I always thought the comments about light-skinned dudes coming back in style were just light-hearted jokes that really went out of style when the men did back in the 80s. From my perspective, tall, dark-skinned, and handsome has long been viewed as a black (or any other) woman’s dream. Yeah, Shemar Moore had his run and lots of women love Michael Ealy, but the fanfare doesn’t compare to the admiration for Idris Elba (praise ‘em), Morris Chestnut (yes lord), or Tyson Beckford (let the church say Amen).
Taye Diggs is another actor who has been admired for his chocolaty goodness—particularly after his debut in “How Stella Got Her Groove Back,” although I personally enjoyed him most in “Brown Sugar.” But despite the love the mocha-skinned author of Chocolate Me, a children’s book encouraging kids to accept themselves as they are, has received over the years, he says it took him a long time to become comfortable in his own dark skin.
“When I got into high school I started to hear, just from the black community, everybody is more attracted to the light skin girls and the light skin dudes with the light eyes. And from within the race the light skin black people and lighter brown people would make fun of the darker people. So then it was a completely different kind of struggle, Taye told MyBrownBaby.Com.
“And then funnily enough it was when dark skinned men, and this was just from my perspective, there seemed to be a shift where all of a sudden we saw Denzel Washington, Wesley Snipes, Tyson Beckford. I’m still trying to figure out how this came to be. For me, when I saw Tyson Beckford hailed as this beautiful man by all people, that caused a shift in my being. And I remember literally waking up and walking the streets feeling a little bit more proud. And then after the movie “How Stella Got Her Groove Back,” when I had my own personal moments of weakness, I just had to remind myself of all the people that really enjoyed that movie and just kind of lean on that.

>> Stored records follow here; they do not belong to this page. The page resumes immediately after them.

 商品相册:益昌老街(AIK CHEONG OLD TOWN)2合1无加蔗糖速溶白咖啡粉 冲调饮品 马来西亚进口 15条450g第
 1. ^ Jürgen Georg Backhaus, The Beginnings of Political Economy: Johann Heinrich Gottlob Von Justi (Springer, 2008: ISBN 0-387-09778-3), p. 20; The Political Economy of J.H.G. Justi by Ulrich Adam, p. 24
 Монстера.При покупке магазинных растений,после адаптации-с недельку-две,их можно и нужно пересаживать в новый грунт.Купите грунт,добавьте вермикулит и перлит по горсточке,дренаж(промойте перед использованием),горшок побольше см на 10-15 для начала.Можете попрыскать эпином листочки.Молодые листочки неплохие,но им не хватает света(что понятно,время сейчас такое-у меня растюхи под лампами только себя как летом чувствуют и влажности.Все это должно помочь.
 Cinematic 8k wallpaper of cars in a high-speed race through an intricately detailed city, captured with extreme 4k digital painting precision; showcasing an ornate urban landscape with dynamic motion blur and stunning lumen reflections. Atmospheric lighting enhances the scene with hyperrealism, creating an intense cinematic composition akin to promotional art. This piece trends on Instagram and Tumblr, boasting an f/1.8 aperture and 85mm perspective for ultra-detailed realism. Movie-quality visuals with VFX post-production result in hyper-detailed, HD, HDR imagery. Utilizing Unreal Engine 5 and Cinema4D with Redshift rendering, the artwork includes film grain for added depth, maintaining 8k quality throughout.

I was surprised by Taye’s comments; sort of in the same way it’s shocking to find out a beautiful woman has low self-esteem. You wonder, how could he not see himself as gorgeous when 99% of those around him do, but you realize self-confidence is strictly an internal mindset not based on external compliments and men struggle with self-esteem issues just like women. Still, I’d thought if black men had any sort of color complex, it was related to how they choose women, not so much how they felt about themselves. But maybe it’s all connected. Do dark-skinned men favor light-skinned women because by being with a lighter skinned woman, it somehow makes them more attractive or socially acceptable in their minds? A friend of mine always says she thinks black men’s propensity to date outside their race has to do with self-hatred. Maybe being with a white woman gives some dark-skinned men a boost of esteem that’s even greater than being with a light-skinned black woman. If so, Taye Diggs could certainly fit the bill.

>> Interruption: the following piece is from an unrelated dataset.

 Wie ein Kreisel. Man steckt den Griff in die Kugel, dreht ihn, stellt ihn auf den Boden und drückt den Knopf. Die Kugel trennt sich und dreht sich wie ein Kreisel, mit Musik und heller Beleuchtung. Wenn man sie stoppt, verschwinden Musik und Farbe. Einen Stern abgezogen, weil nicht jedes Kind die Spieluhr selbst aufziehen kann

But I’m not as interested in men’s interracial dating choices as I am how their color affects their sense of self-worth. After all, light-skinned men date outside their race too and are obsessed with redbones just like everyone else, and lord knows some think they are God’s gift to women just because they have a little less melanin. I guess it isn’t so hard to see how a dark-skinned man could feel the exact opposite. Still, this is an issue that’s mostly been limited to black women’s experience, most recently in the documentary “Dark Girls,” because there is so much pressure put on all women to fit a very narrow standard of beauty, and black women especially struggle with being accepted outside of that realm. Taye’s remarks remind us that men can be insecure too, and although a lot of women may see a handsome, chocolate man as an Adonis, he might not see himself in that same light at all.
What do you think about Taye Diggs’ comments? Do you think dark-skinned men struggle with feeling accepted aesthetically as much as darker skinned black women? Do you think this issue has any bearing on who they date?